19

Thinking about this question on testing string rotation, I wondered: Is there was such thing as a circular/cyclic hash function? E.g.

h(abcdef) = h(bcdefa) = h(cdefab) etc

Uses for this include scalable algorithms which can check n strings against each other to see where some are rotations of others.

I suppose the essence of the hash is to extract information which is order-specific but not position-specific. Maybe something that finds a deterministic 'first position', rotates to it and hashes the result?

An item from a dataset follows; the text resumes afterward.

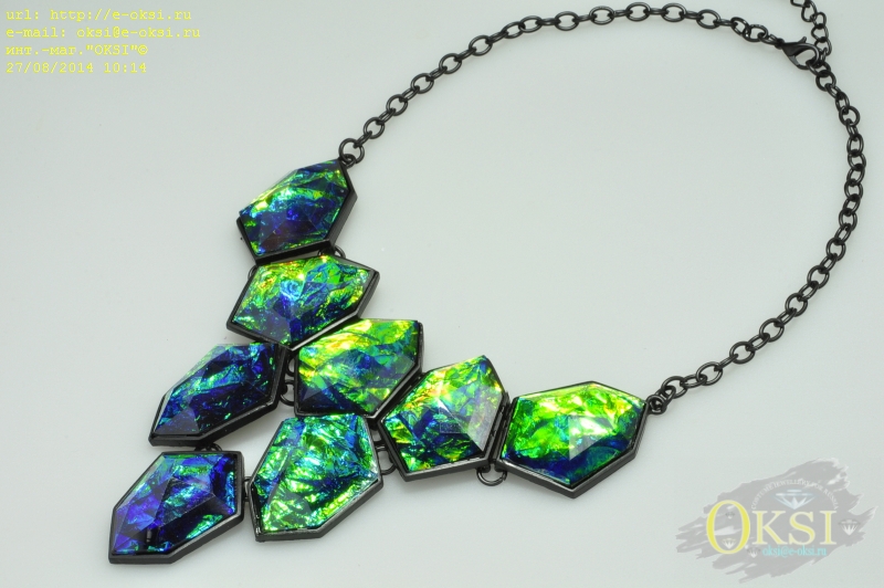 КОЛЬЕ-PD31194"Осколки льда". х удожественная см. ола цвет-" х амелеон"с красивым перламутровым блеском. Регулируемая длина от 45 до 60 см. Основа- прочное черненое родиевое покрытие.

It all seems plausible, but slightly beyond my grasp at the moment; it must be out there already...

Community
  • 1
  • 1
Phil H
  • 19,928
  • 7
  • 68
  • 105

8 Answers8

9

I'd go along with your deterministic "first position" - find the "least" character; if it appears twice, use the next character as the tie breaker (etc). You can then rotate to a "canonical" position, and hash that in a normal way. If the tie breakers run for the entire course of the string, then you've got a string which is a rotation of itself (if you see what I mean) and it doesn't matter which you pick to be "first".

So:

"abcdef" => hash("abcdef")
"defabc" => hash("abcdef")
"abaac" => hash("aacab") (tie-break between aa, ac and ab)
"cabcab" => hash("abcabc") (it doesn't matter which "a" comes first!)
Jon Skeet
  • 1,421,763
  • 867
  • 9,128
  • 9,194
7

Update: As Jon pointed out, the first approach doesn't handle strings with repetition very well. Problems arise as duplicate pairs of letters are encountered and the resulting XOR is 0. Here is a modification that I believe fixes the the original algorithm. It uses Euclid-Fermat sequences to generate pairwise coprime integers for each additional occurrence of a character in the string. The result is that the XOR for duplicate pairs is non-zero.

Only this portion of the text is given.